Material for the task:
= = = =
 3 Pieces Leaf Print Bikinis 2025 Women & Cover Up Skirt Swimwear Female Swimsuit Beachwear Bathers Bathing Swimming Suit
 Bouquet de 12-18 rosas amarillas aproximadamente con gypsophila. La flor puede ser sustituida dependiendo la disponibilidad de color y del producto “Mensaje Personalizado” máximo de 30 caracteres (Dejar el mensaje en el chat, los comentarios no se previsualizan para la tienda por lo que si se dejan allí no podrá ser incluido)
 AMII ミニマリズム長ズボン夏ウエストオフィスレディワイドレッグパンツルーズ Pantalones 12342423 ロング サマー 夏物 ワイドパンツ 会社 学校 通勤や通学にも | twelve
= = = =
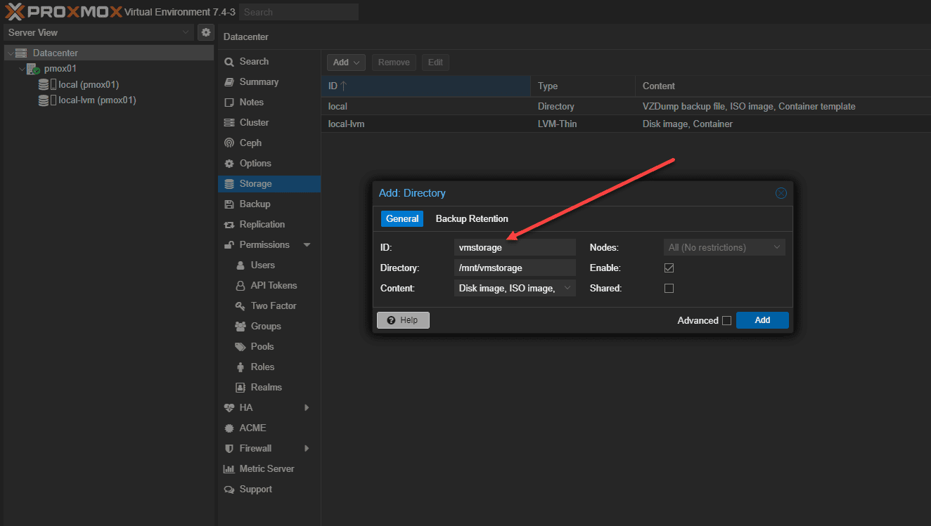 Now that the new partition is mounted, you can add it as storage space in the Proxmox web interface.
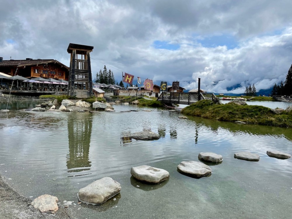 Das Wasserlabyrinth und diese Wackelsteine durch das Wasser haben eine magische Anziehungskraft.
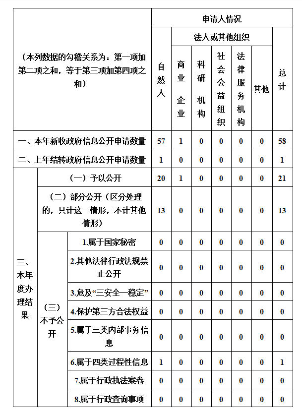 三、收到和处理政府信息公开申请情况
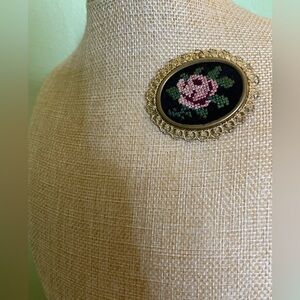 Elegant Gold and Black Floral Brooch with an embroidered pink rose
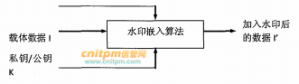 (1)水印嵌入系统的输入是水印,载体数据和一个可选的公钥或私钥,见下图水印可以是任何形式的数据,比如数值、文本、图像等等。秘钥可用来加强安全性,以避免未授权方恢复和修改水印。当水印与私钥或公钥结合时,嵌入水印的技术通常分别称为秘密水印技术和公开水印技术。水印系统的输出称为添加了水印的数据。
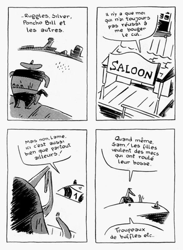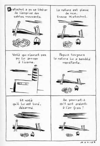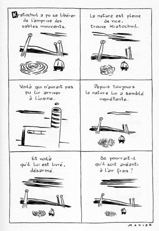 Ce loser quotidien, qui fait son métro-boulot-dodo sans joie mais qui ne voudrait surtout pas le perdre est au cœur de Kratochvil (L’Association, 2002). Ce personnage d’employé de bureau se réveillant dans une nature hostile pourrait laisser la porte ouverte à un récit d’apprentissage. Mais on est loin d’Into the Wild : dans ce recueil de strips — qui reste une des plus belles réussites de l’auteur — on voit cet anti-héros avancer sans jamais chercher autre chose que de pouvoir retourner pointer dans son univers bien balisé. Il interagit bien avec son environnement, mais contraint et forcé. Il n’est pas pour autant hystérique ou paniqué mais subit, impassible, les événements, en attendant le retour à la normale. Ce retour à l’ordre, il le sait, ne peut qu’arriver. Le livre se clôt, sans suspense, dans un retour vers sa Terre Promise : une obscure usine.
= = = =
Work request:
Repeat, word for word, the lines above between the line holding "Bouquet de 12-18" and the line holding "AMII ミニマリズム長ズボン夏ウエストオフィスレディワイドレッグパンツルーズ Pantalones", inclusive; omit everything else.

Solution for this task:
 Bouquet de 12-18 rosas amarillas aproximadamente con gypsophila. La flor puede ser sustituida dependiendo la disponibilidad de color y del producto “Mensaje Personalizado” máximo de 30 caracteres (Dejar el mensaje en el chat, los comentarios no se previsualizan para la tienda por lo que si se dejan allí no podrá ser incluido)
 AMII ミニマリズム長ズボン夏ウエストオフィスレディワイドレッグパンツルーズ Pantalones 12342423 ロング サマー 夏物 ワイドパンツ 会社 学校 通勤や通学にも | twelve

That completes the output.